While the portal does offer some local content in some foreign markets, like Britain’s Made in Chelsea and Australia’s The Real Housewives of Sydney (as well as some titles acquired from other broadcasters such as Viacom), hayu is not launching here with any Cancon – but McDermott wants some. “We have some content announcements that will be coming out probably in the next month or so,” he said. “We are actively looking at content acquisition at the moment.” He added that hayu may look to do some of its own made-in-Canada content in the future.
While reality fans will undoubtedly enjoy having Kim K and her ilk at their fingertips 24/7, it’s doubtful the Canadian broadcasters are quite so pleased since while they will retain their rights for the TV world, reaching those pesky millennials who are fans of these shows and celebrities online will now be a missing piece of their puzzle.
“We do see plenty of opportunity for partnerships and it's something that we'll begin exploring in this market pretty much immediately.” – Hendrik McDermott, NBCU
Hayu’s launch plans include most of the traditional forms of advertising – and an app that will be available on many platforms including Apple TV, Amazon Fire and Roku. While hayu is available on cable provider set-tops like Virgin’s TiVo in the U.K. (which “is our strongest performing app from an engagement perspective,” said McDermott), deals with Canadian carriers are desired, but have not yet begun. “We do see plenty of opportunity for partnerships and it's something that we'll begin exploring in this market pretty much immediately,” he added.

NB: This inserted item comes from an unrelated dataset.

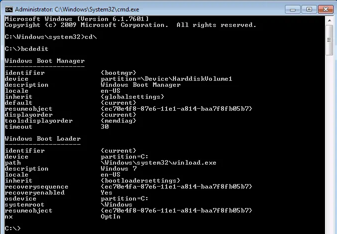 C:\>bcdedit /export "C:\bcdtemp.bin"
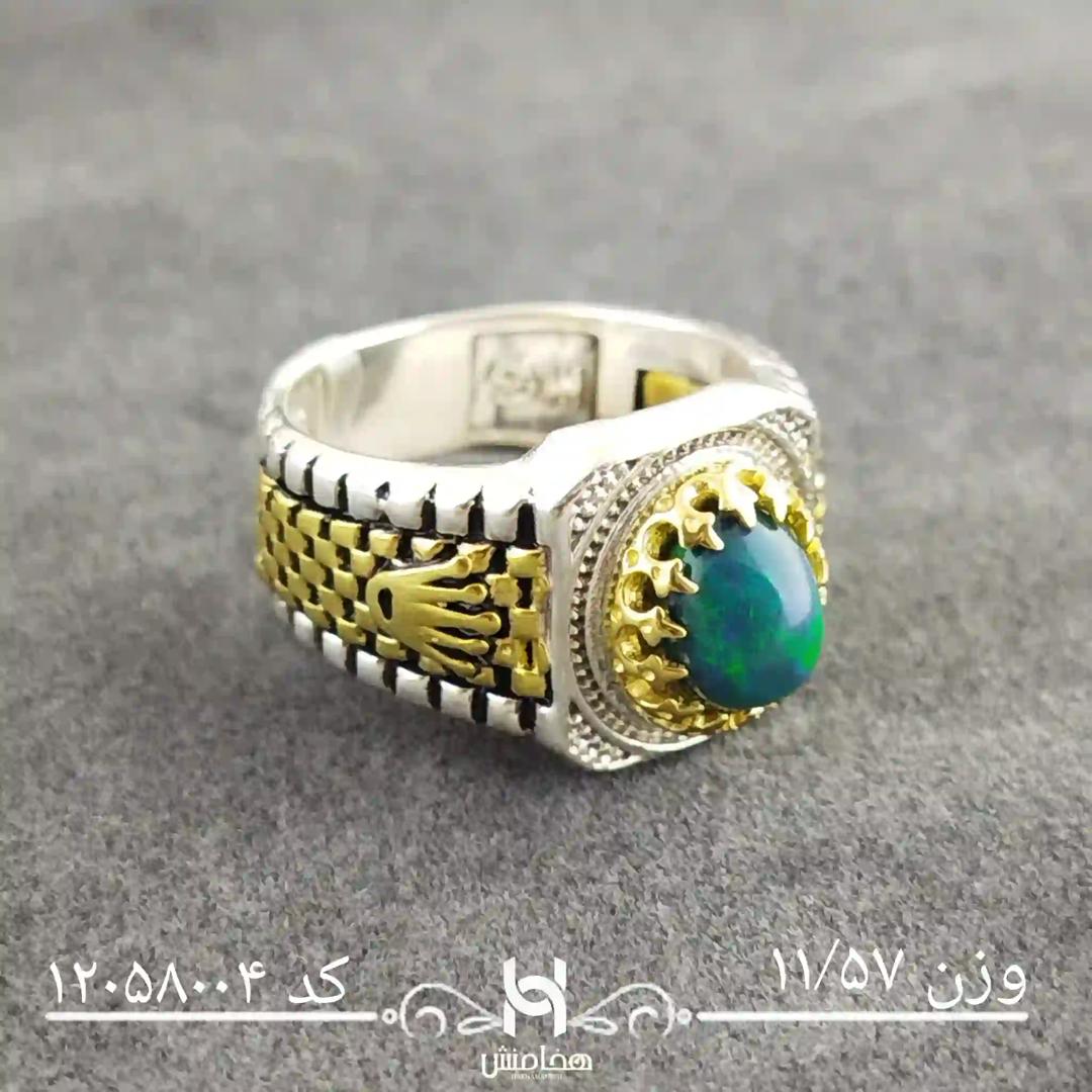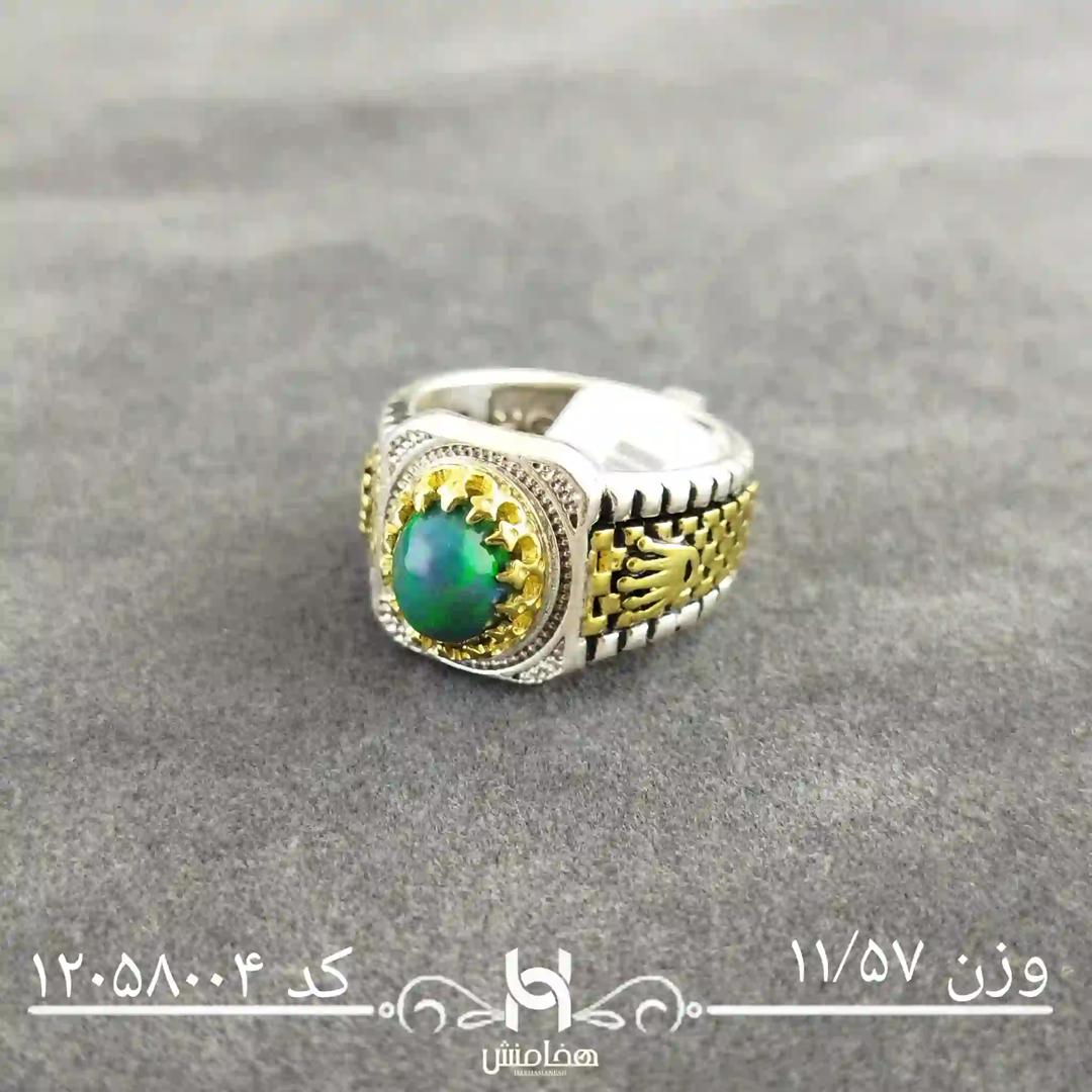 انگشتر نقره مردانه اوپال مشکی دورنگ با نقره عیار 925 تولید شرکت هخامنش با سنگ طبیعی اوپال زیبا و چشم نواز بوده و توجه هر بیننده ی را جلب میکند.

McDermott declined to discuss subscriber figures as NBCU has not yet announced how many hayu has to this point. “What I can tell you is we're very pleased with our existing businesses, which I think is demonstrated by the fact that we've been on a very clear expansion path… we've been very pleased with the uptake so far.”
Finally, what would a discussion about a foreign OTT video service these days be without a question about collecting sales tax. McDermott confirmed hayu won’t be (because, like Netflix and others they aren’t required to do so), but it would collect it if levels of government told it to. “We collect sales tax in the United Kingdom where we are required to, but our understanding is that is not applicable to OTT services (in Canada) at the moment, but if that changes, we will of course comply with any rule that that is in place.”